Write out all the entries word for word and omit any pictures.
╭─ Data for analysis
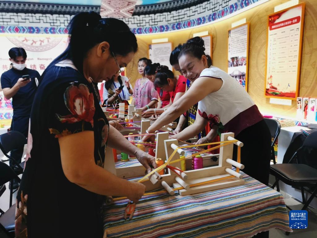 在廣西南寧市青秀區(qū)鳳嶺北社區(qū)民族之家,社區(qū)居民在用簡易織機制作壯錦(2020年7月21日攝)。新華社記者 黃慶剛 攝
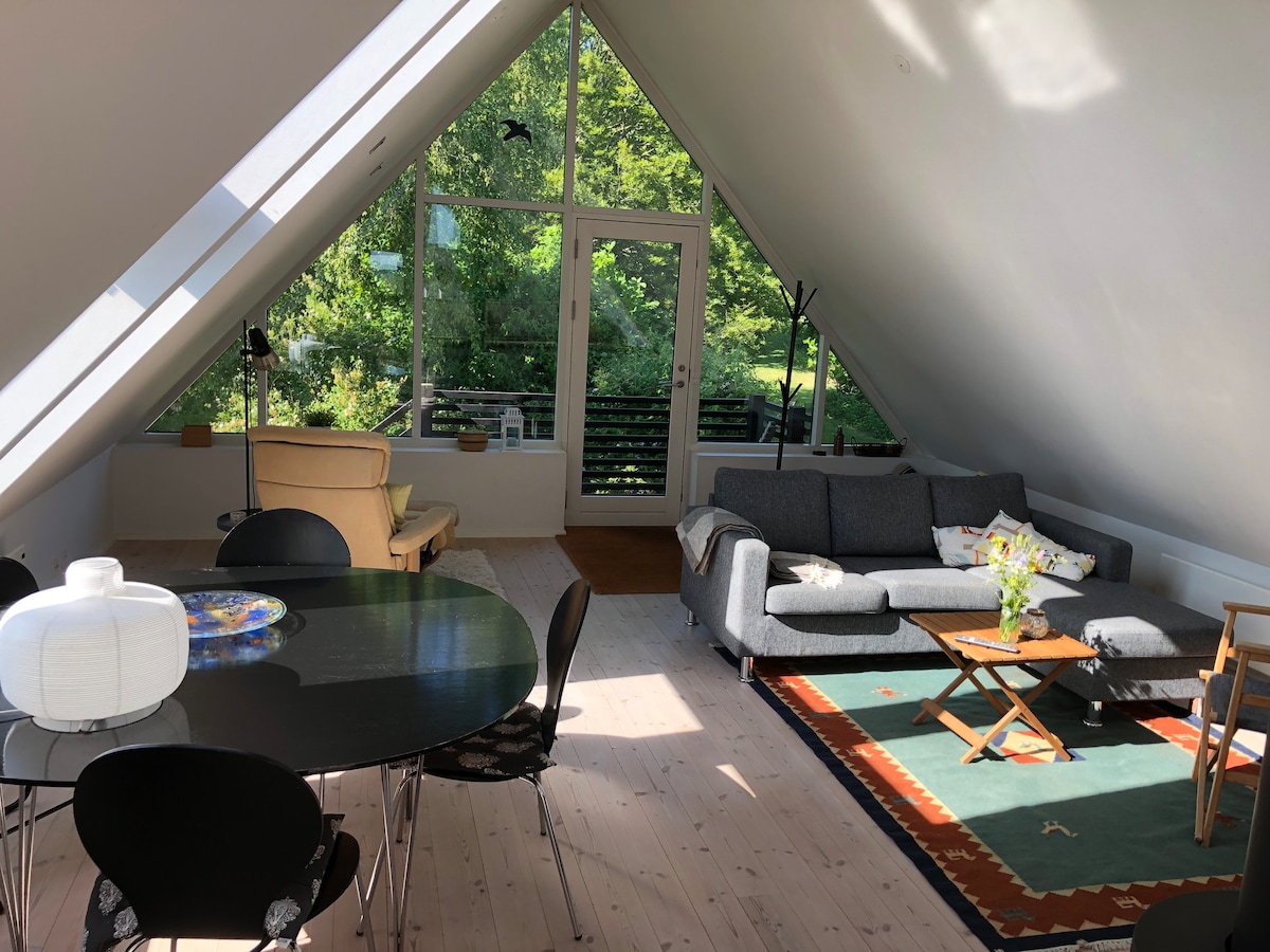 Take it easy at this unique and tranquil getaway. Here is space for a shorter or longer stay in the middle of nature. The apartment is kept in a beautiful Nordic style with a homely decor. The light and the green nature with fields and trees around create a special atmosphere that makes you want to just be.
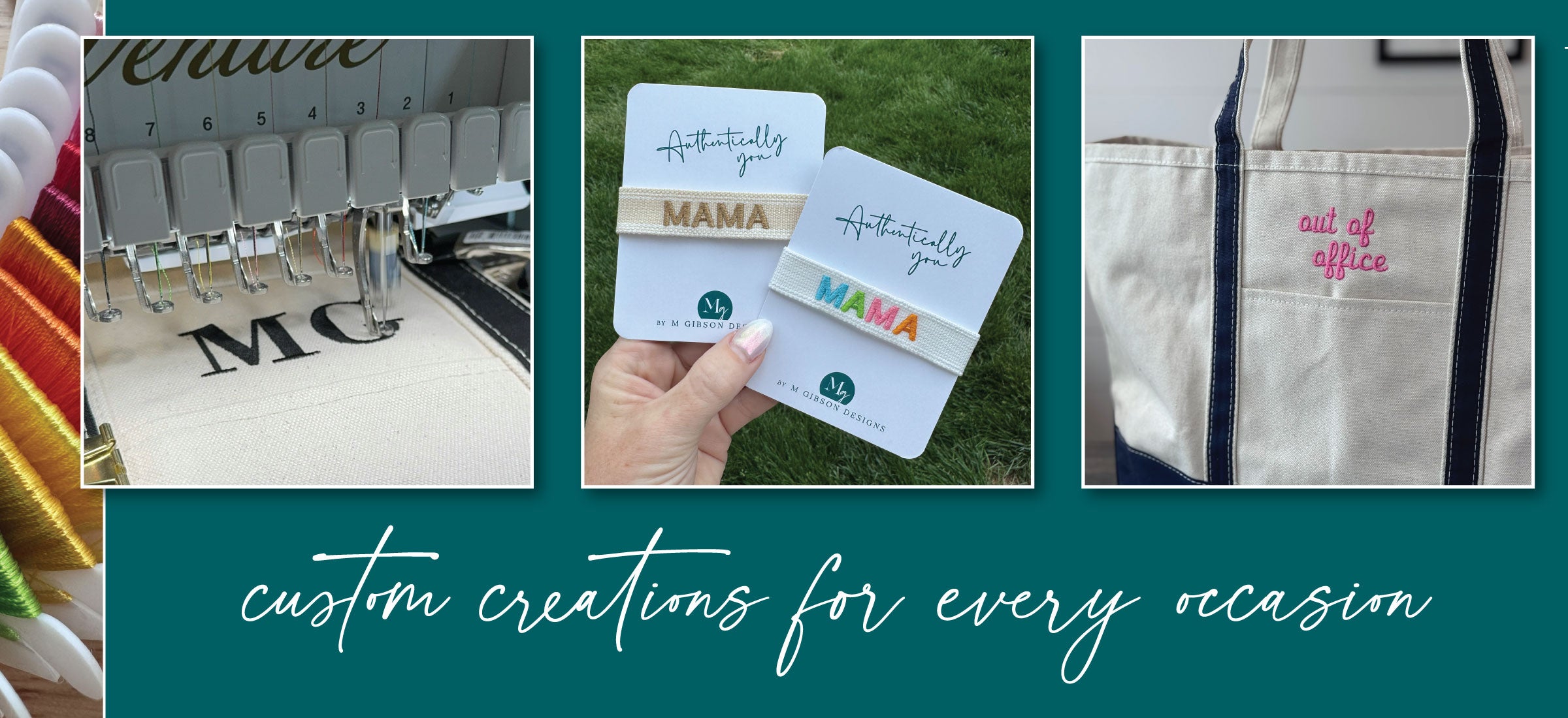 Make it yours (or theirs!) with our custom embroidery. Whether it’s a name, initials, sports team or your favorite phrase, we’ll add your personalization for a clean, custom look that feels extra special — just how we like it at M Gibson Designs.
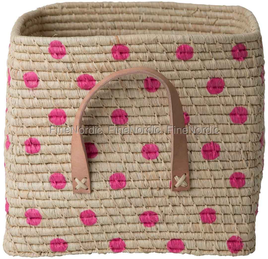 Dieser kleine quadratische Korb aus natürlichem Raffia mit pinkfarbenen Tupfen und Ledergriffen ist nicht nur eine schöne Dekoration, sondern auch eine sehr praktische Aufbewahrungsmöglichkeit. Hebe Karten und Papiere, Kerzen und all die anderen, kleinen Dinge darin auf, die du darin verschwinden lassen willst. Dies trägt dazu bei, den Raum übersichtlicher und aufgeräumter aussehen zu lassen. Er kann in jedem Raum des Hauses verwendet werden, egal ob Sie ihn auf ein Regal, einen Tisch oder auf den Boden stellen. Wir haben die kleinen Rice Raffia Körbe auch mit blauen oder grünen Punkten vorrätig und auch in einfarbigen Versionen können Sie sie in unserem Webshop finden.
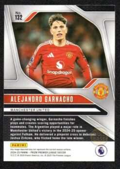 Official Alejandro Garnacho base card from the 2024–25 Panini Prizm Premier League collection. Features the Argentine midfielder in Manchester United’s red kit. Card number 132 showcases the exciting young winger who has become a fan favorite with his direct running and ability to produce moments of magic.
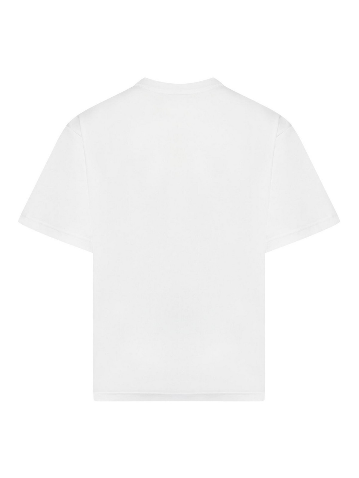 Jersey weave, crew neck, short sleeves, patch chest pocket, embroidered logo, side snap, color white
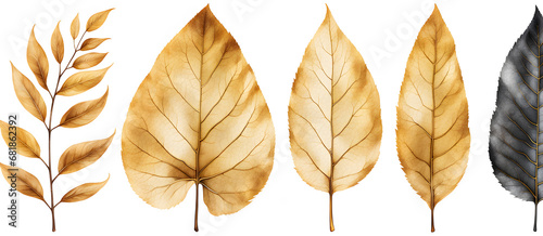 Obraz premium Watercolor Leaves Gold Painting Background Illustration Postcard Digital...
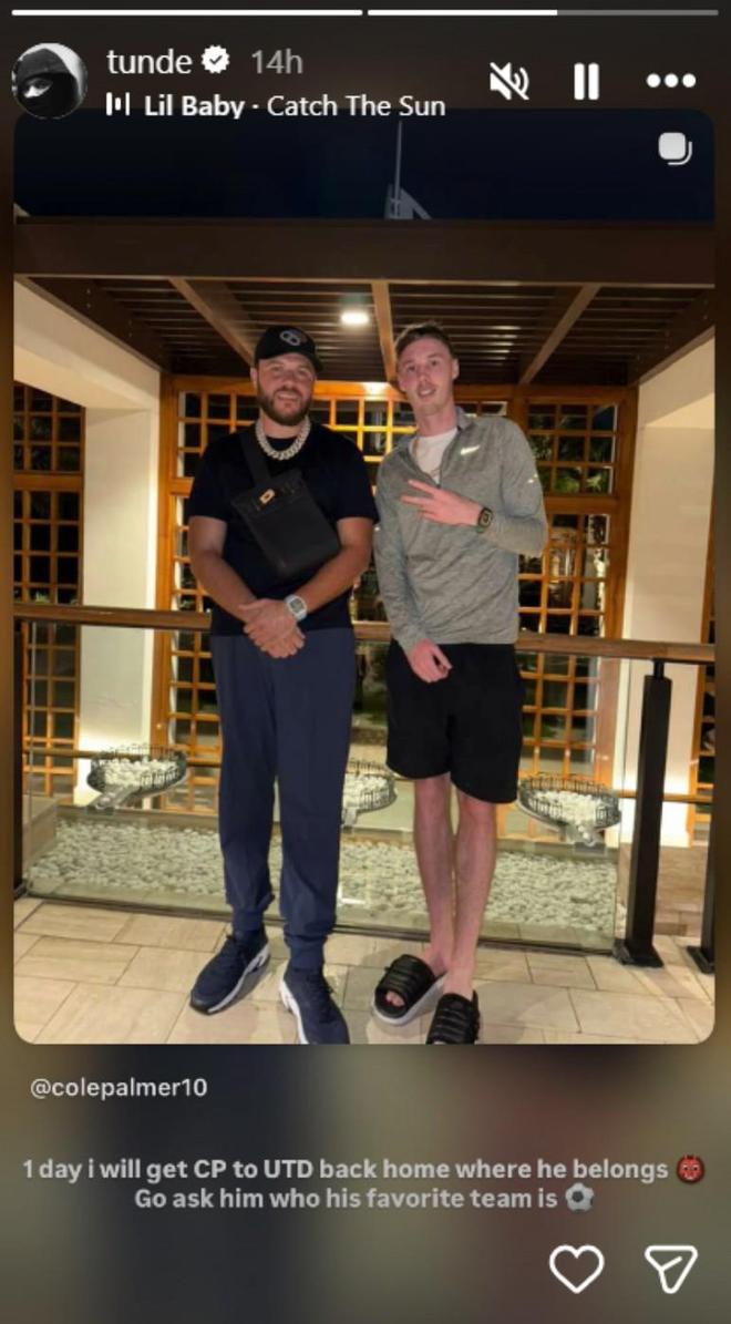 本周切爾西球員獲得賽季沖刺階段前的假期,曼徹斯特說唱歌手通德在迪拜與帕爾默相聚。
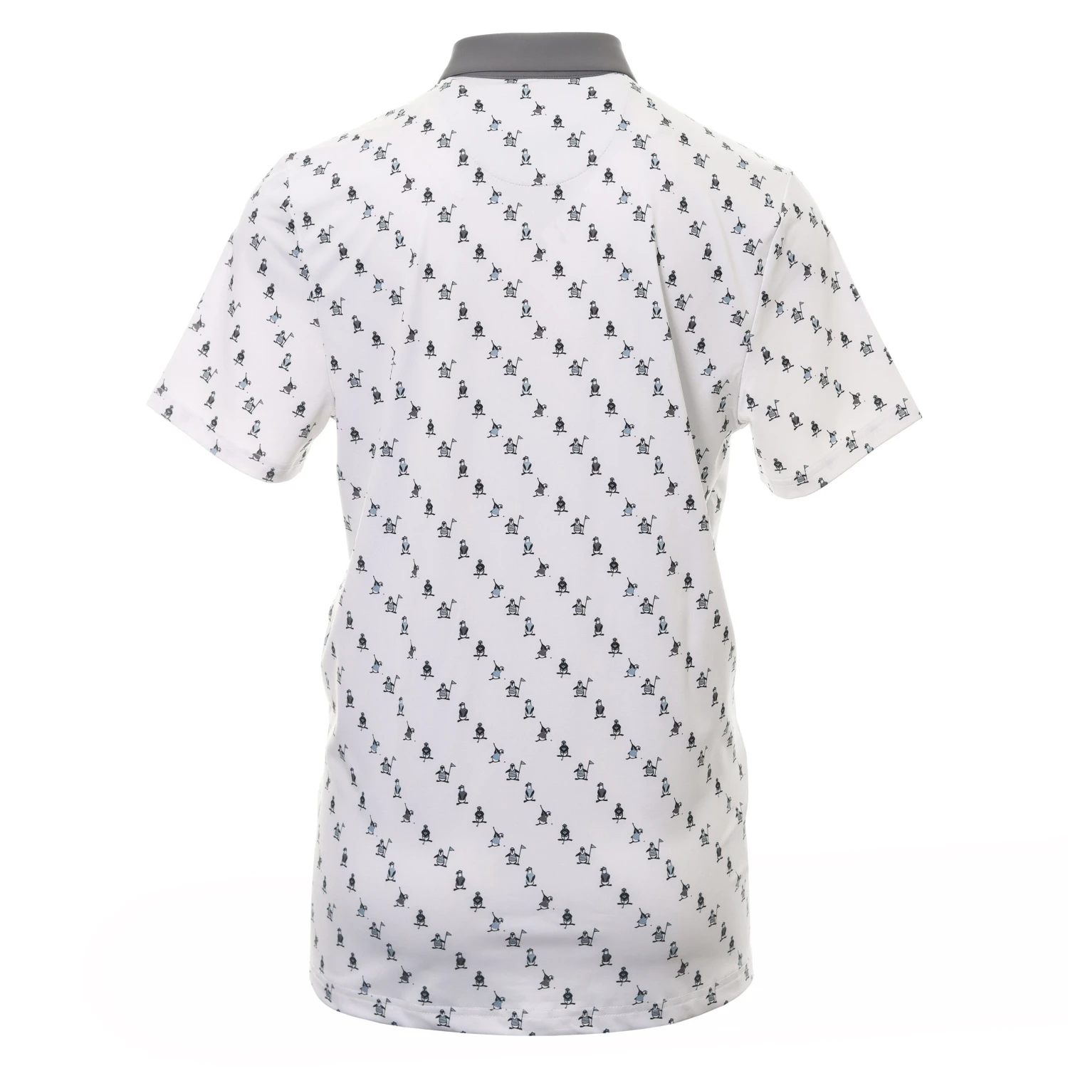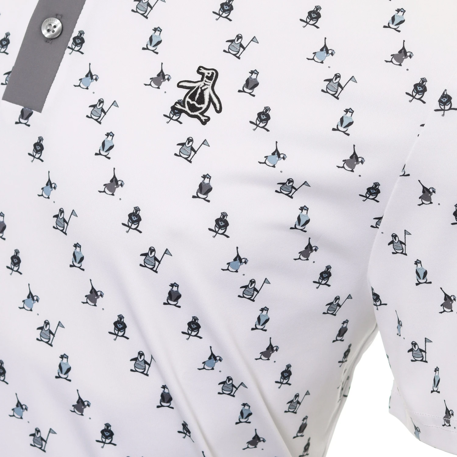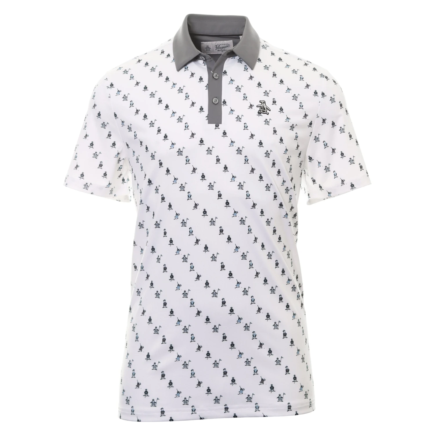 Mens Original Penguin Golf Swinging Pete Novelty Print Polo Shirt. A 3-button placket polo shirt constructed from a moisture wicking fabric. OPG moisture management system, will keep you fresh and dry throughout your round. Stretch construction fabric adds comfort for a friction free swing.
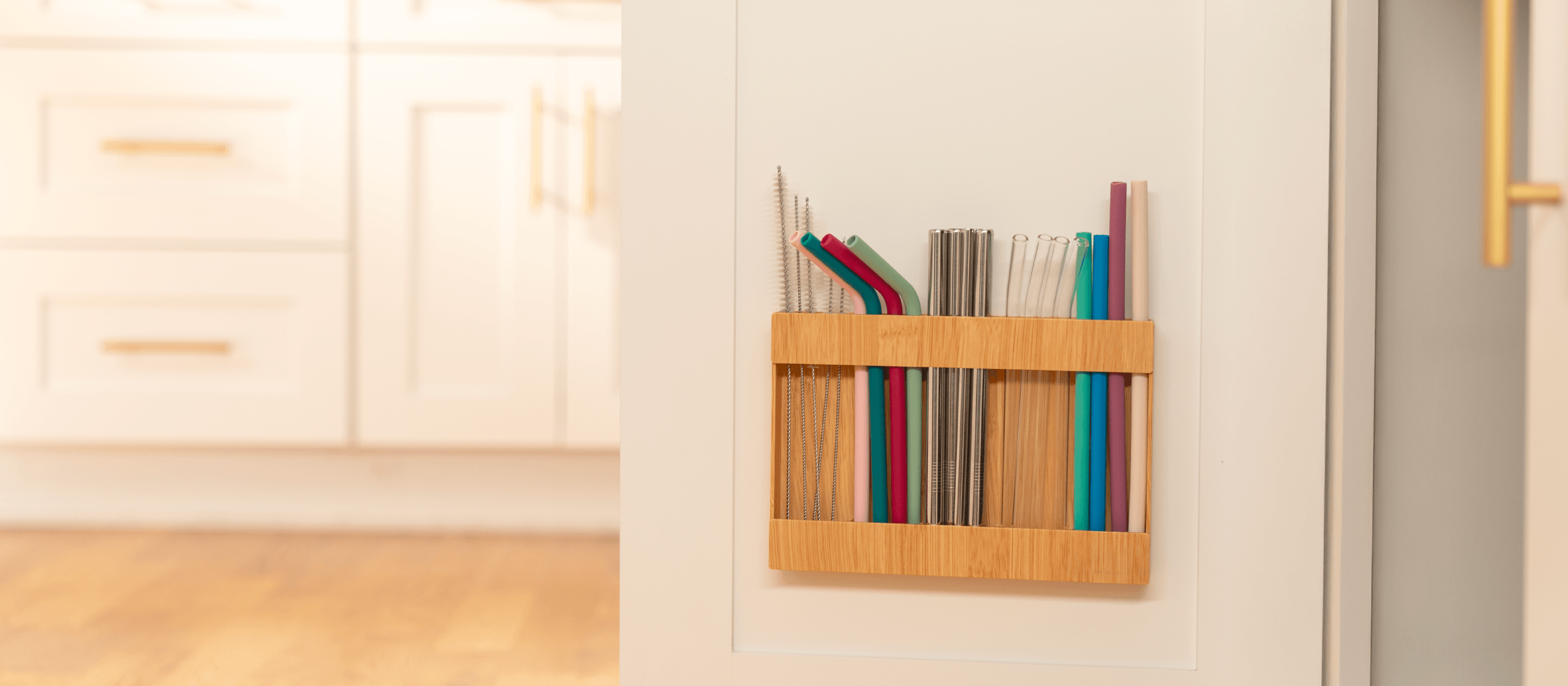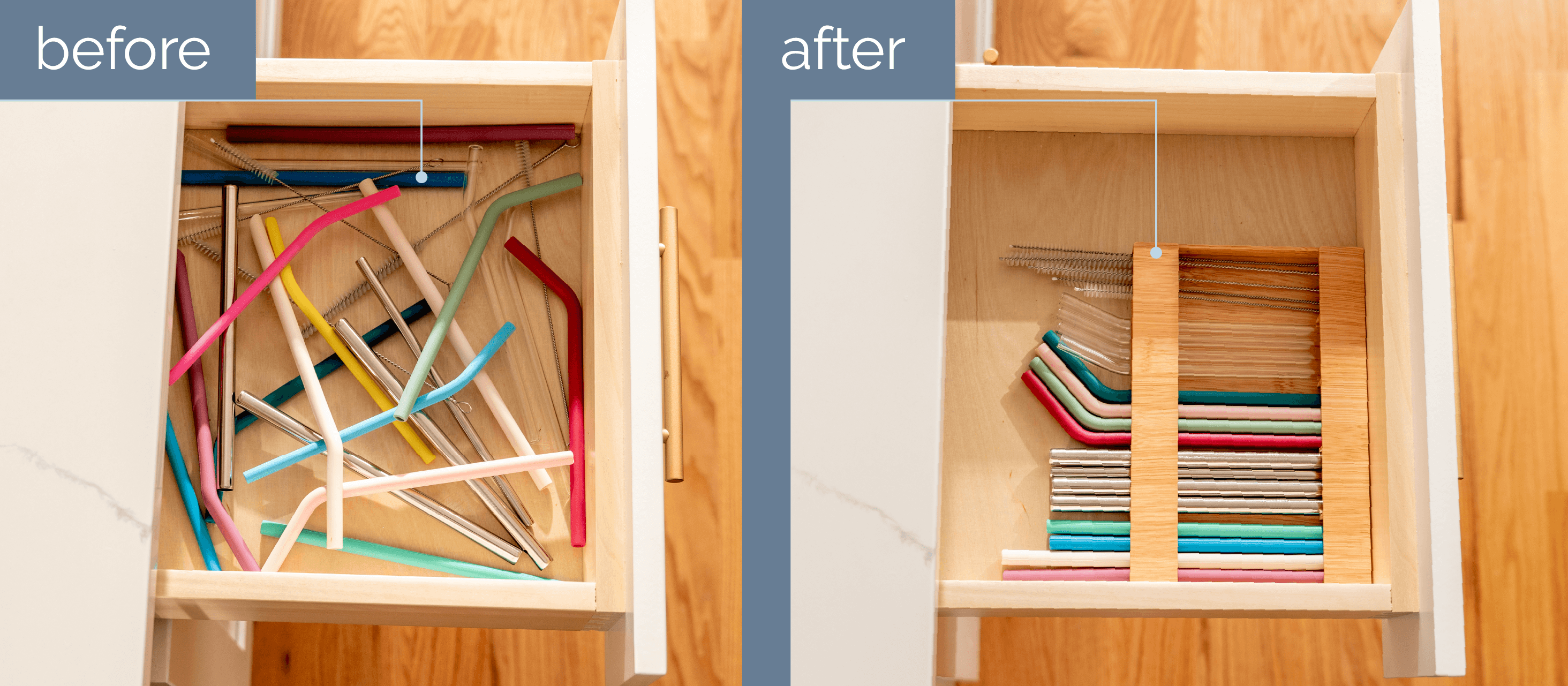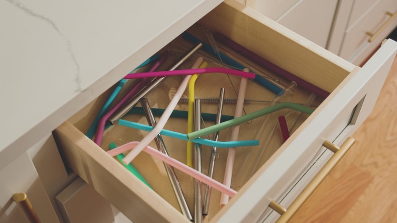 The straw organizer transforms messy cabinets, counters, shelves, or drawers into a clean, organized space!
╰─
**Reply to the exercise**.
 在廣西南寧市青秀區(qū)鳳嶺北社區(qū)民族之家,社區(qū)居民在用簡易織機制作壯錦(2020年7月21日攝)。新華社記者 黃慶剛 攝
 Take it easy at this unique and tranquil getaway. Here is space for a shorter or longer stay in the middle of nature. The apartment is kept in a beautiful Nordic style with a homely decor. The light and the green nature with fields and trees around create a special atmosphere that makes you want to just be.
 Make it yours (or theirs!) with our custom embroidery. Whether it’s a name, initials, sports team or your favorite phrase, we’ll add your personalization for a clean, custom look that feels extra special — just how we like it at M Gibson Designs.
 Dieser kleine quadratische Korb aus natürlichem Raffia mit pinkfarbenen Tupfen und Ledergriffen ist nicht nur eine schöne Dekoration, sondern auch eine sehr praktische Aufbewahrungsmöglichkeit. Hebe Karten und Papiere, Kerzen und all die anderen, kleinen Dinge darin auf, die du darin verschwinden lassen willst. Dies trägt dazu bei, den Raum übersichtlicher und aufgeräumter aussehen zu lassen. Er kann in jedem Raum des Hauses verwendet werden, egal ob Sie ihn auf ein Regal, einen Tisch oder auf den Boden stellen. Wir haben die kleinen Rice Raffia Körbe auch mit blauen oder grünen Punkten vorrätig und auch in einfarbigen Versionen können Sie sie in unserem Webshop finden.
 Official Alejandro Garnacho base card from the 2024–25 Panini Prizm Premier League collection. Features the Argentine midfielder in Manchester United’s red kit. Card number 132 showcases the exciting young winger who has become a fan favorite with his direct running and ability to produce moments of magic.
 Jersey weave, crew neck, short sleeves, patch chest pocket, embroidered logo, side snap, color white
 Obraz premium Watercolor Leaves Gold Painting Background Illustration Postcard Digital...
 本周切爾西球員獲得賽季沖刺階段前的假期,曼徹斯特說唱歌手通德在迪拜與帕爾默相聚。
 Mens Original Penguin Golf Swinging Pete Novelty Print Polo Shirt. A 3-button placket polo shirt constructed from a moisture wicking fabric. OPG moisture management system, will keep you fresh and dry throughout your round. Stretch construction fabric adds comfort for a friction free swing.
 The straw organizer transforms messy cabinets, counters, shelves, or drawers into a clean, organized space!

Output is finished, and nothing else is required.